DEBUG: Planning Failures

Debugging tip: "Planner can't find a path" → narrow passages in C-space. Solutions: (1) Use RRT-Connect (bidirectional). (2) Increase goal bias from 5% to 20%. (3) Use bridge-test sampling (sample near obstacle boundaries). (4) Reduce C-space dimensionality: plan the end-effector path in 3D, then use IK at each waypoint.
Debugging tip: "Path is jerky" → RRT produces piecewise-linear paths with sharp corners. Post-process: (1) shortcutting (try connecting non-adjacent waypoints, keep if collision-free), (2) B-spline smoothing, (3) trajectory optimization (TrajOpt minimizes jerk while respecting collision constraints).
Interview tip: When asked "how do you speed up planning?", give a menu: (1) better sampling (informed RRT*, goal bias, bridge test), (2) lazy collision checking (check collisions only on the final path, not every extension), (3) plan in lower dimensions (task space instead of joint space), (4) cache a PRM (build a roadmap offline, query online in <1ms). For real-time replanning, use dynamic RRT or trajectory optimization warm-started from the previous solution.

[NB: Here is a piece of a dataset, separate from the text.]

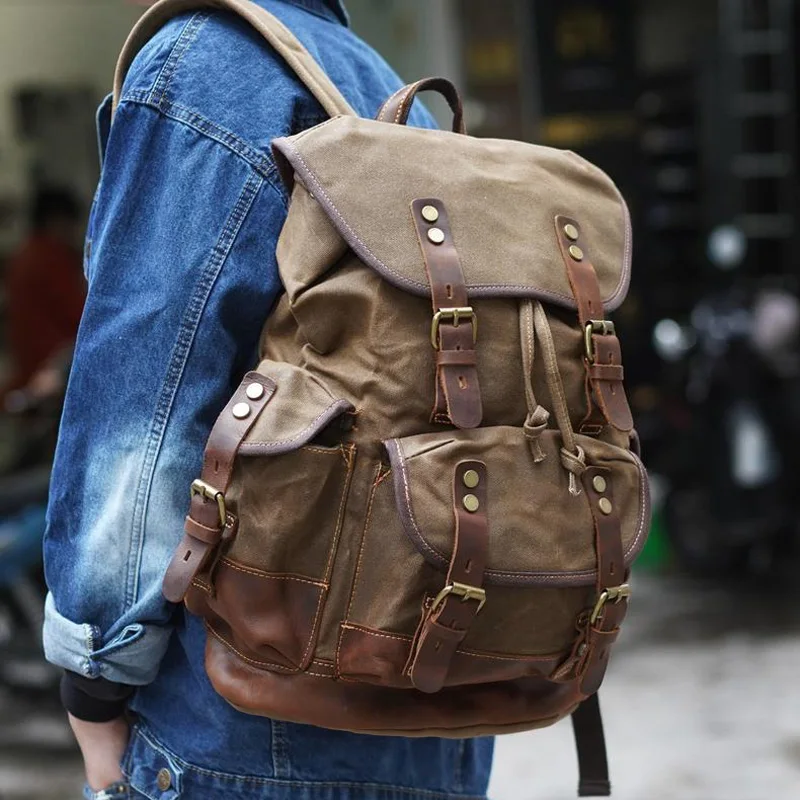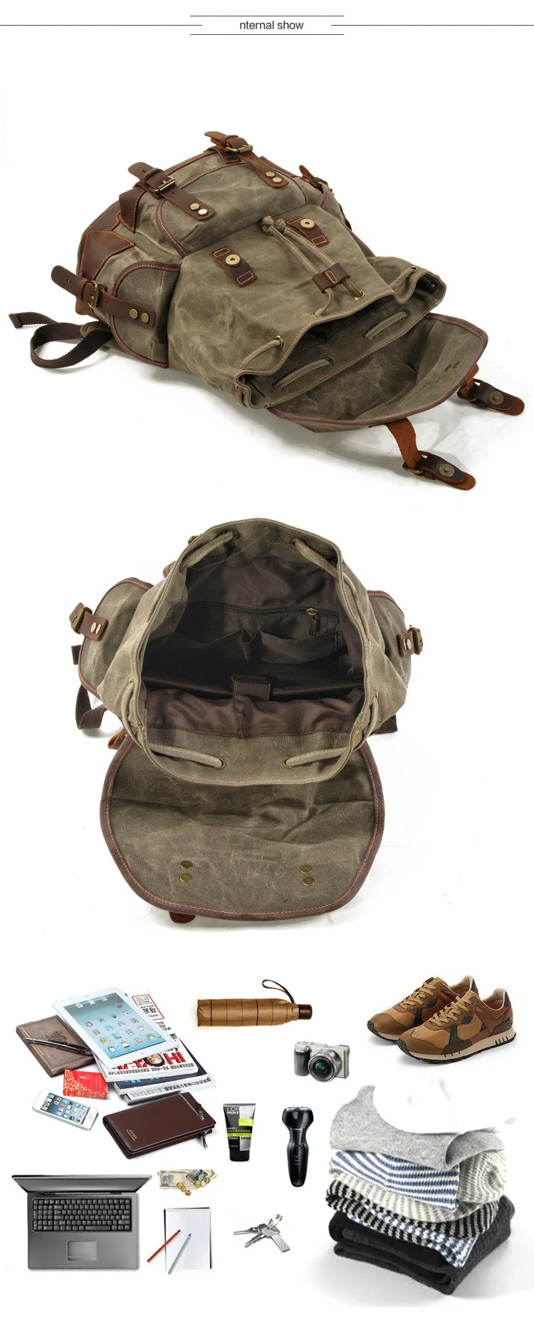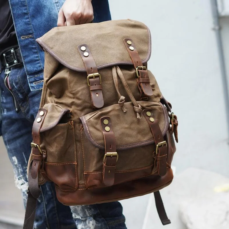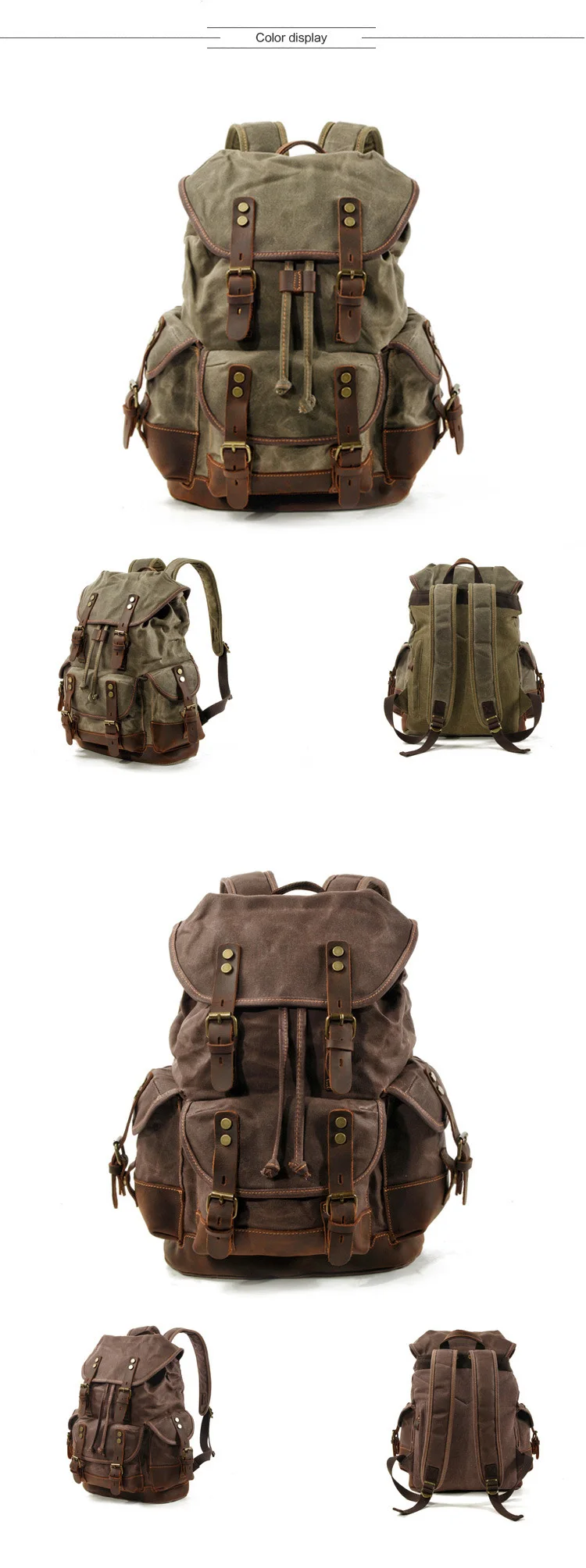 Винтажные холщовые кожаные рюкзаки для мужчин, рюкзаки для ноутбука...

Worked Example: RRT vs RRT-Connect Performance

Consider a 2D workspace with a narrow passage (10% of workspace width). How many samples does each algorithm need?

AlgorithmPassage WidthAvg Samples to Find PathAvg Path Length
RRTWide (50%)~801.4x optimal
RRTNarrow (10%)~2,5001.8x optimal
RRTVery narrow (2%)~60,0002.5x optimal
RRT-ConnectWide (50%)~301.3x optimal
RRT-ConnectNarrow (10%)~4001.5x optimal
RRT-ConnectVery narrow (2%)~8,0002.0x optimal

RRT-Connect is 3-8x faster in narrow passages because both trees grow toward the gap from opposite sides, effectively halving the passage length each tree must discover. This is why bidirectional search is the default in production systems (OMPL defaults to RRT-Connect).

After finding a path, shortcutting tries connecting non-adjacent waypoints. For each pair (i, j) where j > i+1, check if the direct connection is collision-free. If so, remove all intermediate waypoints. This typically reduces path length by 30-50% and removes the characteristic "zigzag" of RRT paths.

FRONTIER: Neural and Diffusion-Based Planning

Diffusion Policy treats planning as denoising: start with a random trajectory, iteratively denoise it into a collision-free, task-completing path. It naturally handles multi-modality (multiple valid plans). MPNet learns a sampling distribution from successful plans, making RRT find paths faster in familiar environments. STORM uses parallel trajectory optimization on GPU to evaluate thousands of candidate trajectories simultaneously.

Interactive RRT Planner

Click to place start (green), goal (yellow), and obstacles (red). Press "Plan" to watch RRT grow. Toggle RRT vs RRT-Connect.

Step size0.40
Interview question: Your robot needs to plan a path through a cluttered shelf to grasp an object at the back. RRT takes 5 seconds. How do you reduce planning time to under 100ms?

Chapter 6: Control — Making the Robot Move Precisely

CONCEPT: PID and Beyond

PID control is the foundation. The controller computes a torque based on three error terms: Proportional (how far from target), Integral (accumulated past error), Derivative (how fast the error is changing):

τ = Kp · e + Ki · ∫e dt + Kd · de/dt
where e = θdesired - θactual

P alone gives fast response but overshoots. D damps the oscillation. I eliminates steady-state error (e.g., gravity pulling the arm down). The art is tuning: too much P = oscillation, too much D = sluggish, too much I = windup and overshoot on step changes.

Impedance control makes the robot behave like a mass-spring-damper system in task space. Instead of commanding a position, you command a dynamic relationship between force and displacement:

F = Md · ẍ + Bd · ẋ + Kd · (x - x0)

where Md, Bd, Kd are the desired inertia, damping, and stiffness. Low stiffness = compliant (good for contact tasks like wiping a table). High stiffness = stiff (good for precise positioning). This is critical for safe human-robot interaction — a stiff controller will hurt people, a compliant one will give way.

Computed torque (inverse dynamics) uses the robot's dynamic model to cancel out nonlinear effects (gravity, Coriolis, centrifugal forces), then applies a simple linear controller on top:

τ = M(q) · (q̈d + Kd(q̇d - q̇) + Kp(qd - q)) + C(q, q̇) + g(q)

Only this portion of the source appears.